Hawke scanned the corridor while Balta fumbled for his keys and opened his door. His office was a modest state of affairs in the Larco Museum in the Pueblo Lire district and moments later they were all gathered inside while their host shuffled into an adjoining room to fetch his life’s work.

“So what’s all the fuss about then?” Scarlet said, looking down her nose at the furniture.

Balta called out in response from the next room. “These markings are certainly Inca pictographs, although greatly simplified, presumably due to the restricted space on the mask.”

“What do they say?” Lexi asked. Reaper stood behind her silently rolling a cigarette and watching the street outside. Balta shuffled back into the room and scratched his head as he scanned the office for something.

“The pictographs are simply depictions of Inti and the sun, but it’s the last one that has my interest. That’s why I wanted to come back to my work.” He stopped speaking and began furiously searching through a box file on his desk.

“So what’s the big surprise?” Hawke asked, looking once again at Ryan’s hand-drawn sketch.

“The final pictograph on the mask is a crude depiction of the Mandala.”

“That’s what I thought,” Luis said. “But I really think we must be mistaken.”

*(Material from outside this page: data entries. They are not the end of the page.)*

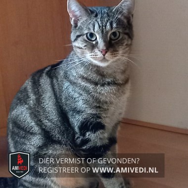 | Signalement | Grijs/zwart (gestreepte) poes met wit, wit bij de kin en borst, duidelijke zwarte strepen en vlekken over het hele lijf, bruine ondertoon bij de buik. |
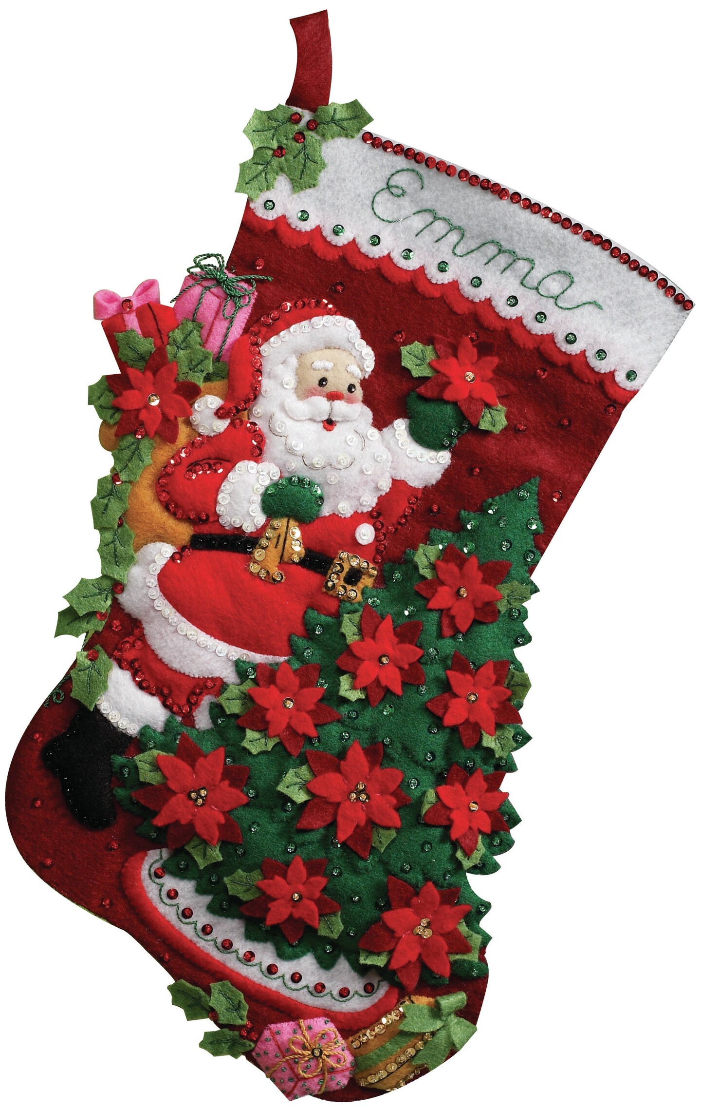 Bucilla Felt Stocking Applique Kit 18" Long-Santa Poinsettia Tree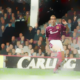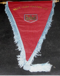Ricordiamo la grandezza di questo club con un gagliardetto utilizzato tra la fine degli anni Sessanta e la prima metà degli anni Settanta. Granata con la scritta ricamata della denominazione del club in alto e con l’iconico stemma al centro che ripercorre decenni di vita della squadra. I martelli incrociati a rappresentare le origini della squadra. Questi rappresentavano gli operai dei cantieri navali del Tamigi e sono sovrapposti alla facciata del “Boleyn Castle” il castello abitato da Anna Bolena. Un maniero sito nei pressi del vecchio stadio dei “martelli”, il Boleyn Ground.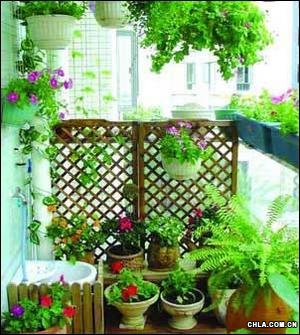 在陽臺上種花栽草也要有巧妙的搭配,否則其效果就會像野草一樣雜亂無章。陽臺的花草園地,既要便于澆水和管理,又要使各種花卉都能充分吸收到陽光;ú莸姆胖靡灿性E竅,通常有鑲嵌式、垂掛式、階梯式和自然式四種!拌偳妒健币话阌迷谝呀浹b修而且面積較小的陽臺上,利用墻壁鑲嵌特制的半邊花瓶式花盆,然后栽種觀葉植物!按箳焓健笔怯眯∏删碌娜萜髟苑N吊蘭等小型植物,然后懸掛在陽臺頂板上。也可栽植藤蔓或其他有纏繞能力的觀葉植物懸掛在陽臺外!半A梯式”是在陽臺內搭起階梯,進行立體盆花布置,一般的植物都可利用這種形式栽培!白匀皇健崩藐柵_外的盆架栽種一些本藤蔓植物,使植物自然下垂,形成一種自然景觀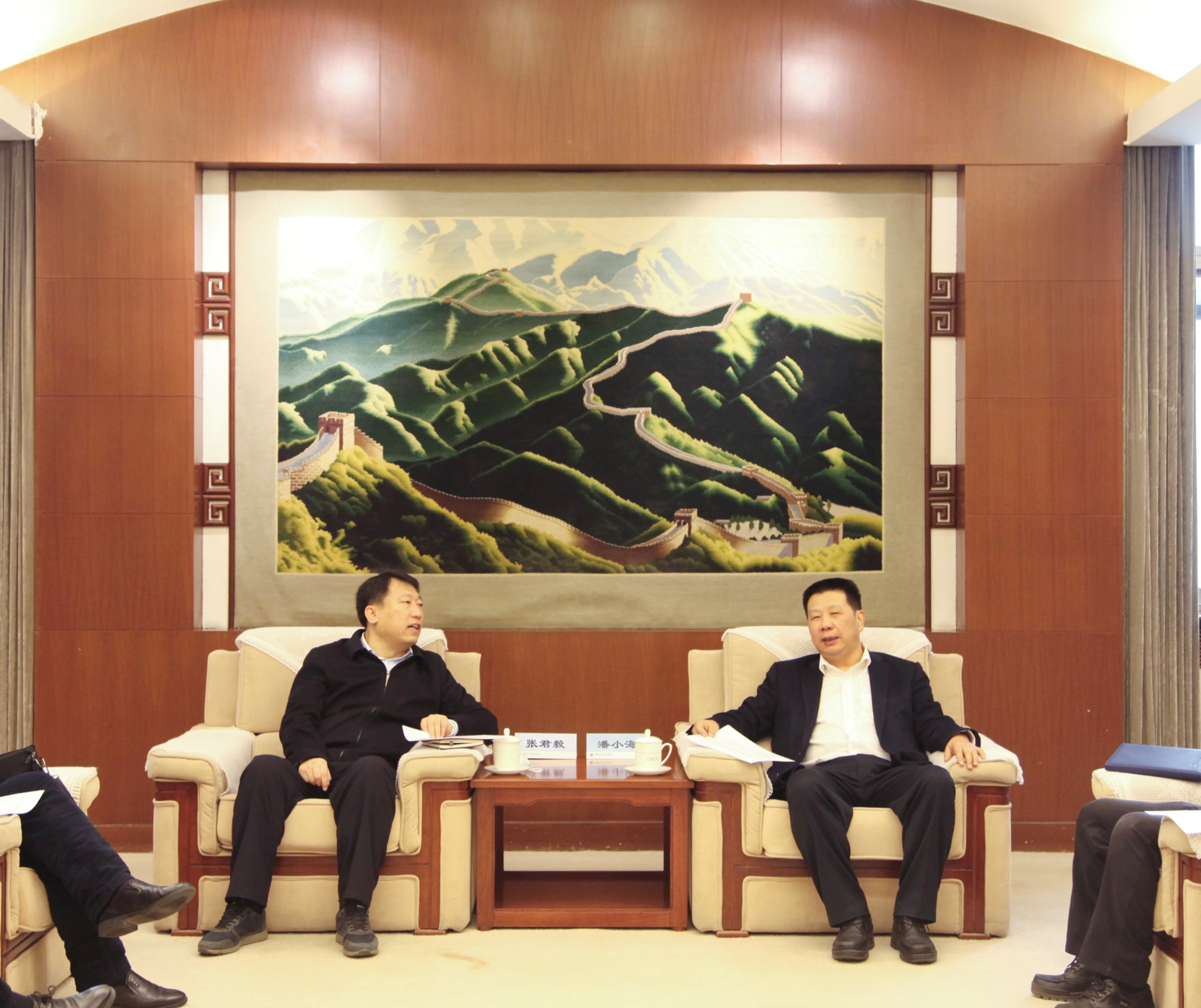 3月19日上午,潘小海副总经理接待安庆市常务副市长张君毅一行,就相关合作事宜交换意见。业务发展部、交通业务部、社会事业业务部和资源与环境业务部负责人参加。
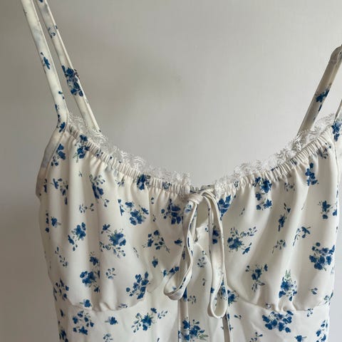 sommerkjole for dame i størrelse XS. Kjolen er blå og laget i polyester. Kort lengde med korte ermer og figurnær passform. Blomstrete mønster og lett, gjennomsiktig ytterstoff med underkjole. Egnet som sommerkjole til hverdagsbruk eller enkle anledninger.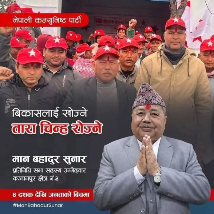 नेपाल कम्युनिष्ट पाटीले दलित समुदायबाट सुनारलाई यस अघि र अहिले पनि राजकीय जिम्मेबारीमा पठाउने निर्णयसंगै क्षेत्र ३का नेकपा नेता कार्यकर्ताहरु फिल्डमा खटिएका छन । नेकपा नेतृ माया नेगीले क्षेत्र ३मा चुनाव प्रचारप्रसारका कामकाज भईरहेको बताईन । उनले चुनावी प्रंचारप्रसारका मुल,देखि विभिन्न उपसमिति र सम्पर्क कार्यालय संचालनमा आएको बताईन । ‘हाम्रा सबै नेता कार्यकर्ताहरुदेखि स्वयम उम्मेदवारकै सर्मथकहरु स्वतस्फूर्त रुपमा खटिएका छन, ‘उनले भनिन, ‘मान बहादुर सुनारकोृ राजनैतिक यात्रा पालिकादेखि प्रदेश हुँदै सिधै केन्द्रीय(सघीय) जिम्मेबारीमा पु¥याउन अहोरात्र खटिएका छन ।’ महाकाली नदी पारीको भूगोलबाट यस अघि पञ्चायतकालमा ईन्द्र बहादुर केसी सांसद थिए, भने बहुदलदेखि गणतान्त्रिक युगसम्म आईपुग्दा उक्त भुगोलबाट सुनार पहिलो पटक सांसदको प्रबल सम्भावना पुग्न लागेको नागरिकको समेत विश्वास रहेको छ । स्थानीयले समेत टिपिकल दोधाराचाँदनीमै गृहनगर भएका सुनार बलिया र साथ सर्मथन दिने आश्वासन दिईरहेका छन । स्थानीय एव नेकपा दोधाराचाँदनीका नेता भरत दत्त भट्टले गणतान्त्रिक युगको सुन्दरफुल भएको बताए । उनले सुनार स्थानीय, प्रदेश सरकारको जिम्मेबारीमा हुँदा समेत सिङ्गो दोधाराचाँदनीदेखि सुप प्रदेशकै विकासका खेलेको भूमिकाले समेत उनको नागरिकमा मुल्याङकन भईरहेको बताए ।

“But what does that mean?” Lexi asked.

Balta looked at her. “The Mandala is a religious symbol which represents our universe.”

“I’m not convinced,” Luis said, looking doubtful. “It doesn’t look all that much like a Mandala, not to mention the fact the Mandala is from India. The more I look at it the less I think it’s a Mandala.”

“You mentioned India before,” Hawke said. “What the hell is an Indian symbol doing on an Inca mask?”

Luis shook his head and put his hands in his pockets. “Quite. Are you certain, professor?”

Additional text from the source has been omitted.